Henry remembered with satisfaction how the conversation had ended.

‘What then do the two of you talk about?’ William asked. He seemed to want real information, a factual response.

Henry hesitated and looked into the distance, then focussed his eyes carefully on a number of leather-bound volumes on a far shelf, and quietly responded, ‘Wendell is formed, I fear, to testify simply and solely about himself.’

HE WAITED on his terrace after supper as night came down. Holmes, he remembered now, generally spoke to him about his career, his colleagues, new cases, new developments in law and politics and then new conquests he had made among the British aristocracy. He gossiped about old friends and boasted about new ones, speaking freely and solemnly. Henry loved his worldliness, his practised, clipped sentences and then a sudden burst of something else when he allowed himself to use words and phrases which hardly belonged to the law or the war, but more to the pulpit or the essay. Holmes loved to speculate, argue with himself, explain his own logic as though it were a side in a battle with opposing forces and much interior drama.

Henry did not mind what Holmes said.

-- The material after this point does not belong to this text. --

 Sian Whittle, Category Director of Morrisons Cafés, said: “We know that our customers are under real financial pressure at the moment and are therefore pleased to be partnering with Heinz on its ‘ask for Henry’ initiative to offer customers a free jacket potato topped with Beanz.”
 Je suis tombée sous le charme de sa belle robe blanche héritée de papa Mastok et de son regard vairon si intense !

He saw him seldom and knew that what connected them was simple. They were part of an old world, fully respectable and oddly Puritan, led by the enquiring, protean minds of their fathers and the deeply cautious, watchful eyes of their mothers. They both had a sense of their destiny. More precisely, they belonged to the group of young men who had been to Harvard and who had known and loved Minny Temple, had sat at her feet and sought her approval and whom she haunted as they grew into middle age. In her company, they remembered, their experience had meant nothing, nor their innocence either, as she demanded something else from them. She elated them, and they felt a strange and insistent nostalgia when they recalled the time when they knew her.

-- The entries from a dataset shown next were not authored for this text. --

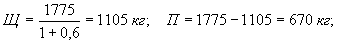 = 1000 - 341 = Общий весовой расход щебня и песка П + Щ = Vп+щγп+щ = 659×2,67 = 1760 кг, где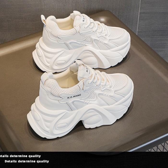 2025 autumn and winter new thick-soled high-top women's shoes 10cm wedge heel comfortable versatile waterproof table dad shoes women's black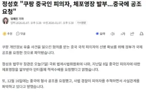 정성호 “”””쿠팡 중국인 피의자, 체포영장 발부.중국에 공조 요청””””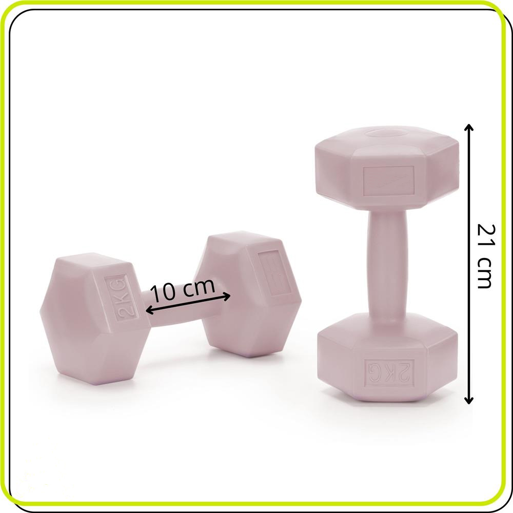 Set gantere hex 2×2 kg, bitum cu invelis rezistent PP, roz

She was Henry’s cousin, one of six Temple children, left as orphans when their parents died. For Henry and for William, the idea of the Temples not having parents made their cousins interesting and romantic. Their position seemed enviable, as all authority over them was vague and provisional. It made them appear free and loose, and it was only later, as each of them struggled in various ways, and indeed suffered, that he understood the unrecoverable nature and the deep sadness of their loss.

There was, between the time when he envied them and the time when he pitied them, a long gap. When he first reencountered Minny Temple aged seventeen, not having seen her for some years, the sentiment was still very much one of admiration, even awe. He instantly knew that she, among her sisters, would be special for him and that she would remain so. There were many words to describe her: she was light and curious and spontaneous and she was natural – that was important – and, perhaps, he felt, her lack of parenting gave her a sort of ease and freshness; she had never had to reflect anyone, or seek to become like anyone, or fight against such influences. Maybe, he later thought, in the shadow of so much death, she had developed what was her most remarkable feature – a taste for life. Her mind was restless; there was nothing she did not want to know, no matter on which she did not wish to speculate. She managed, he thought, to combine a questioning inner life with a quick sense of the social. She loved coming into a room to find people there. More than anything else, he remembered her laugh, its suddenness and its richness, but also its lightness, the strange, touching, ringing sound of it.

She had not, when she struck him first with all her moral force, appeared so ethereal. She came to Newport with one of her sisters and they seemed to him beautiful and clear-eyed and free, being looked after lightly at the time by their aunt and uncle. On that first visit Minny had argued with Henry’s father. Henry had never known a time when people did not argue with his father. As soon as he could listen, he had witnessed William and his father in deep discussion which involved raised voices and heated divergence of views. Most male visitors and some female ones too seemed to come to the house specifically to argue. Freedom of all sorts, and especially religious freedom, was his father’s great subject, but he also had many others; he did not believe in confining himself, it was one of his principles.